Sobre isso veja aqui.
Neste contexto, as possibilidades da social democracia são reduzidas, pois os problemas que afetam a população são mais de natureza estrutural do que de governo. A social democracia está em baixa no mundo todo na medida em que aumenta a massa de decepcionados por ela não ter condições de cumprir satisfatoriamente seu programa, abrindo espaço para a radicalização das direitas.
O complicador é que a atuação da social democracia ajudou a conter os partidos de esquerda. Foi para isso que nasceu o PT – Partido dos Trabalhadores -, para mostrar o caminho do meio, por entre os extremos, o caminho da ponderação, que é sempre o espaço preferido da democracia liberal: o capital explora e o Estado tenta consertar. Ocorre que está cada vez mais difícil corrigir as crises recorrentes do capital.
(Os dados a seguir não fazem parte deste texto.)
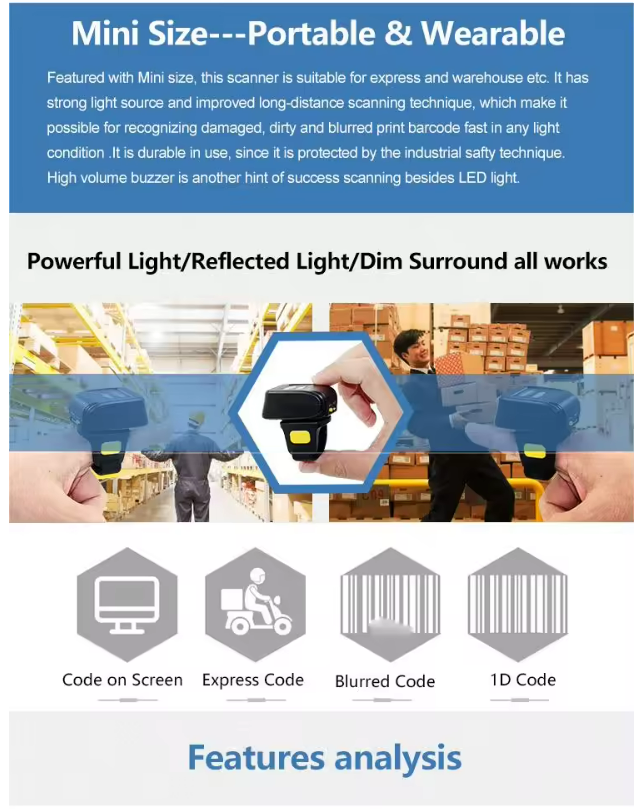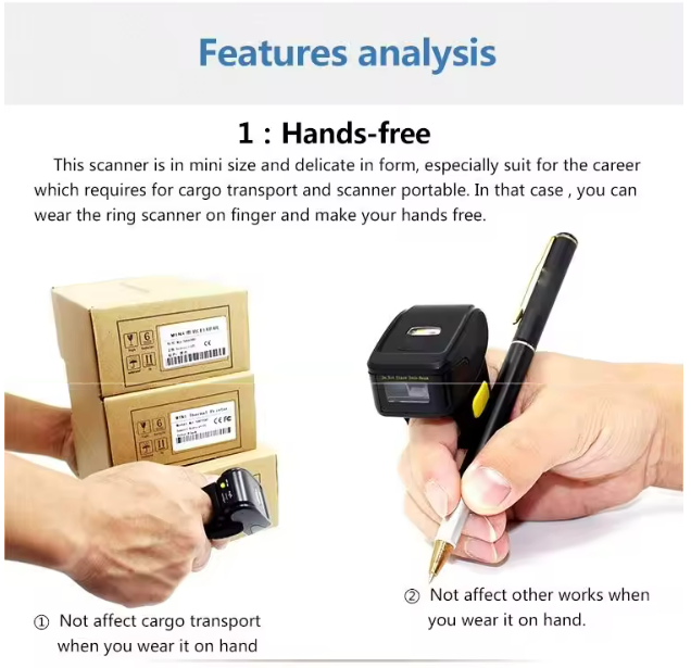 Support wireless Bluetooth communication, small size, easy to carry, single charge ultra-long working hours, wearing ring type, to bring the operator super comfortable working experience and working environm.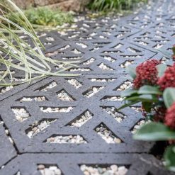 Eco-tegel 37,5×37,5×7 cm antraciet is een betonnen zeskantige steen met grote perforaties waardoor gras e.d. door het materiaal kan groeien. Daarnaast kunnen de tegels worden gevuld met split, schelpen of zand.
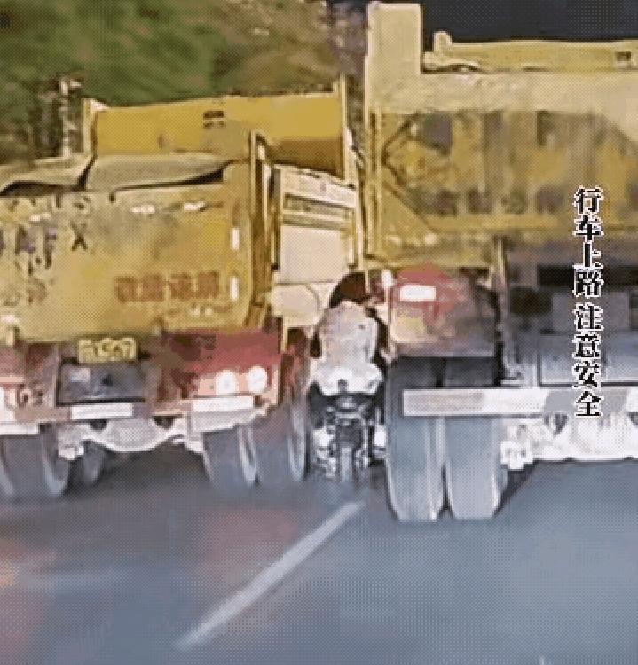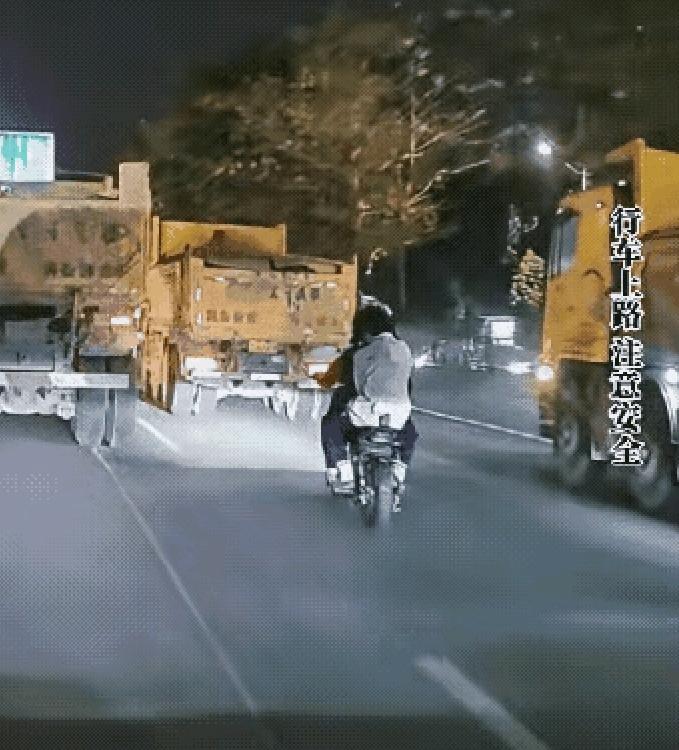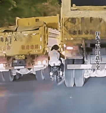 电动车钻大货车盲区 这一幕太吓人了 隔着屏幕都捏了一把汗 傍晚的车流里 电动车骑手直接钻进了两辆大货车的夹缝盲区 车头都快贴到货车轮胎了 他不知道大货车的盲区有多恐怖吗 一个起步、一个变道 就是灭顶之灾 骑手这波操作 完全是在死神手里抢命 生命只有一次 别拿自己的命赌司机能看见你 多少事故就是因为侥幸钻盲区 一定一定要远离大货车啊 安全出行

Tendo ajudado a fagocitar a esquerda e cada vez mais com dificuldade para transitar pelo caminho do meio, à social-democracia está restando, agora, justificar sua continuidade pela necessidade de conter os partidos chamados de extrema-direita, ou melhor dizer, a direita radical, tentando uma frente com a direita centrista. Dessa forma, ela continua operando pelo fortalecimento do caminho do meio, agora não apenas para conter a esquerda que considera radical, mas também como tentativa de conter a direita radical.
No entanto, as ações que agora são necessárias para proteger os trabalhadores e ao mesmo tempo postergar as crises do capital estão além do que é possível para a social democracia. Trump não é um maluco com projetos mirabolantes: ele está pondo em prática uma estratégia de salvação.
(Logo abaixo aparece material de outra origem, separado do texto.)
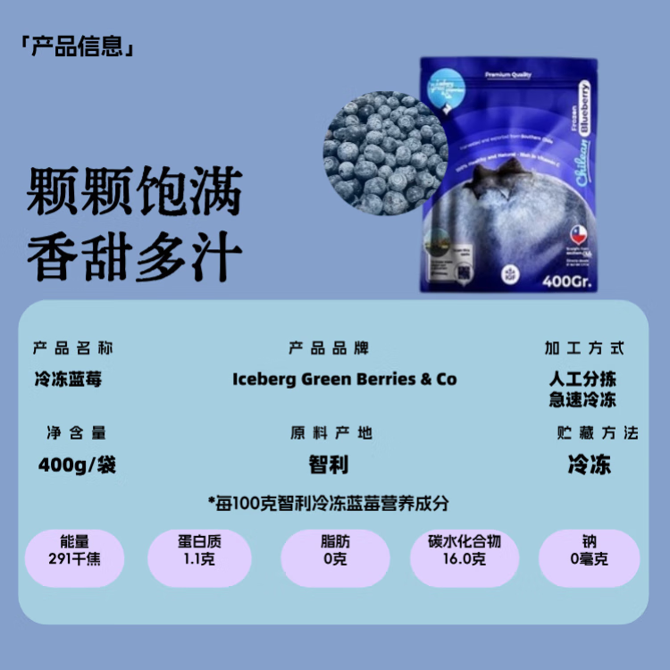 京鲜生有机蓝莓智利原装进口冷冻蓝莓生鲜水果400g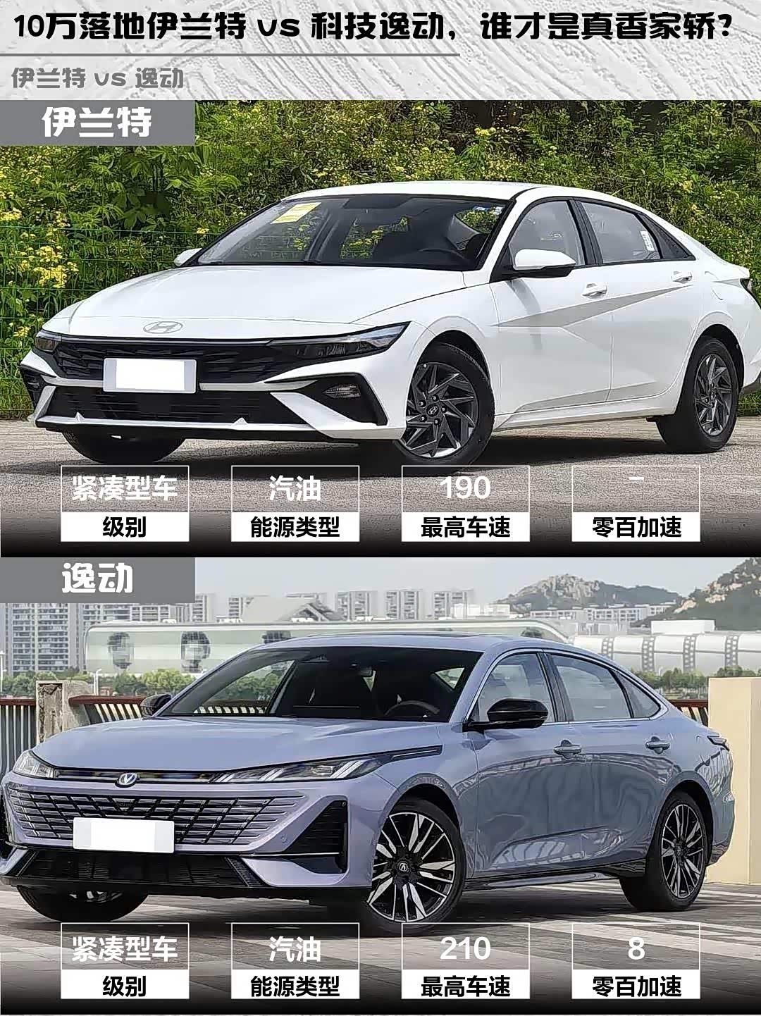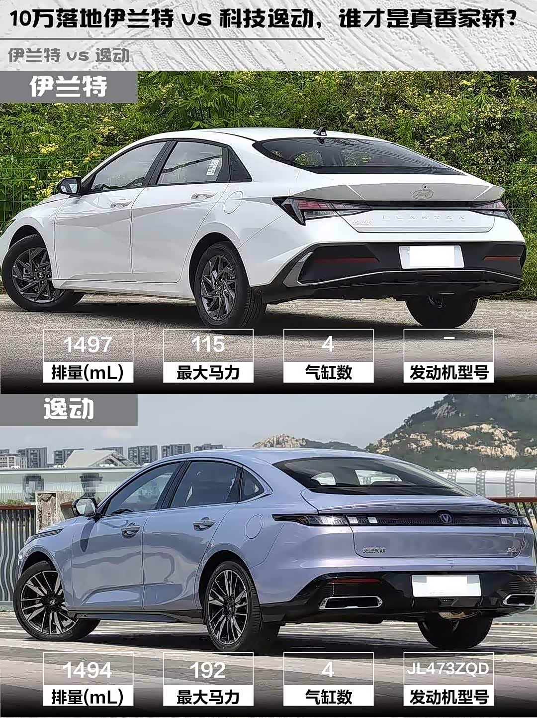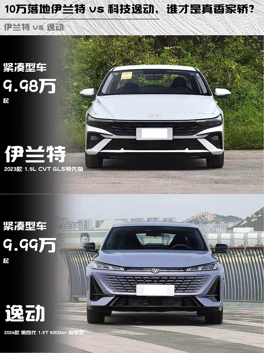 最近在10万级家轿里纠结了好久,最终锁定 伊兰特(参数|询价)2023款1.5L CVT GLS领先版和逸动2026款第四代1.5T 500Bar智享型这两款热门选手。深度对比后发现了不少有意思的差异点,分享给正在选车的你!✨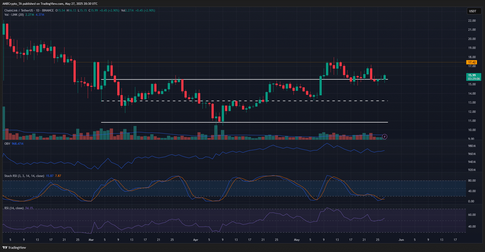 Chainlink (LINK)已于5月8日突破了持续六周的压力位,但随后表现相当平淡。从那时起,LINK的价格维持在旧压力位15.5美元附近。在5月下旬,LINK的价格波动在14.84到18美元之间,未能形成明显的上涨。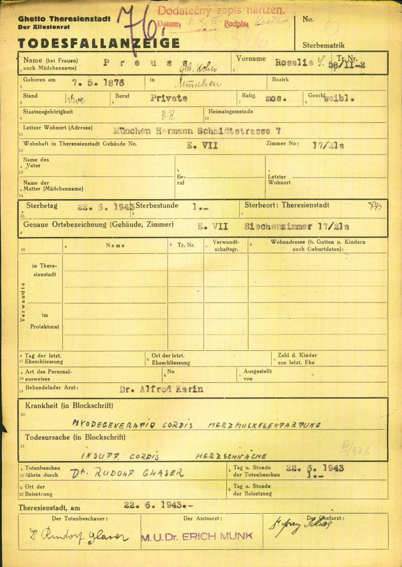 Preuss Rosalie: Todesfallanzeige, Ghetto Theresienstadt

A crise estrutural do capital acelerou o processo de esgotamento da social democracia e está favorecendo, pelo menos por aqui, uma direita centrista que opera entre a social democracia e o espantalho da direita radical. Eduardo Bolsonaro critica este novo centro chamando-o de “direita permitida” – operacionalizada na pessoa de Tarcísio, governador de São Paulo, por exemplo -, em contraposição à direita radical bolsonarista.
Talvez a direita seja quem tem, hoje, consciente ou inconscientemente, uma noção mais clara das razões da crise atual e, consequentemente, da necessidade de caminhar para uma “nova” ordem mundial que, na visão deles, tente salvar o futuro do capital radicalizando seu programa.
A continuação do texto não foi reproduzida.